Most pathogenic mutations do not alter the membrane topology of the prion protein

The prion protein (PrP), a glycolipid-anchored membrane glycoprotein, contains a conserved hydrophobic sequence that can span the lipid bilayer in either direction, resulting in two transmembrane forms designated (PrP)-Pr-Ntm and (PrP)-Pr-Ctm. Previous studies have shown that the proportion of (PrP)-Pr-Ctm is increased by mutations in the membrane-spanning segment, and it has been hypothesized that (PrP)-Pr-Ctm represents a key intermediate in the pathway of prion-induced neurodegeneration, To further test this idea, we have surveyed a number of mutations associated with familial prion diseases to determine whether they alter the proportions of (PrP)-Pr-Ntm and (PrP)-Pr-Ctm produced in vitro, in transfected cells, and in transgenic mice.
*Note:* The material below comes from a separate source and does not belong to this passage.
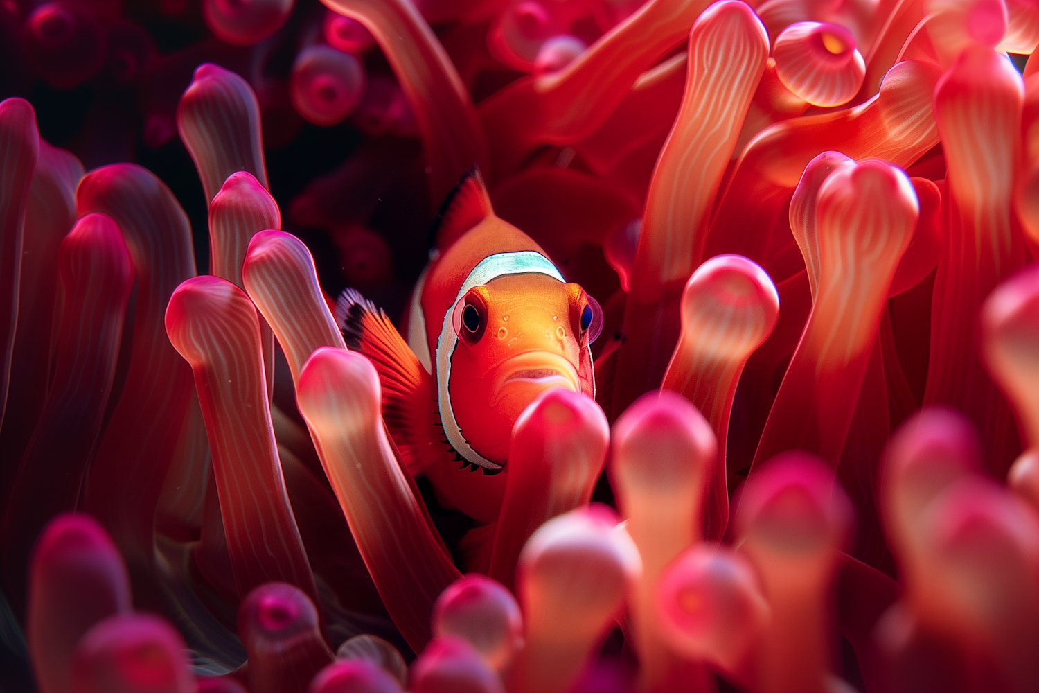A vivid clownfish nestled among pink and red anemone tentacles, showcasing vibrant marine life and striking colors.

For the in vitro experiments, PrP mRNA was translated in the presence of murine thymoma microsomes which, in contrast to the canine pancreatic microsomes used in previous studies, are capable of efficient glycolipidation, We confirmed that mutations within or near the transmembrane domain enhance the formation of (PrP)-Pr-Ctm, and we demonstrate for the first time that this species contains a C-terminal glycolipid anchor, thus exhibiting an unusual, dual mode of membrane attachment. However, we find that pathogenic mutations in other regions of the molecule have no effect on the amounts of (PrP)-Pr-Ctm and (PrP)-Pr-Ntm, arguing against the proposition that transmembrane PrP plays an obligate role in the pathogenesis of prion diseases.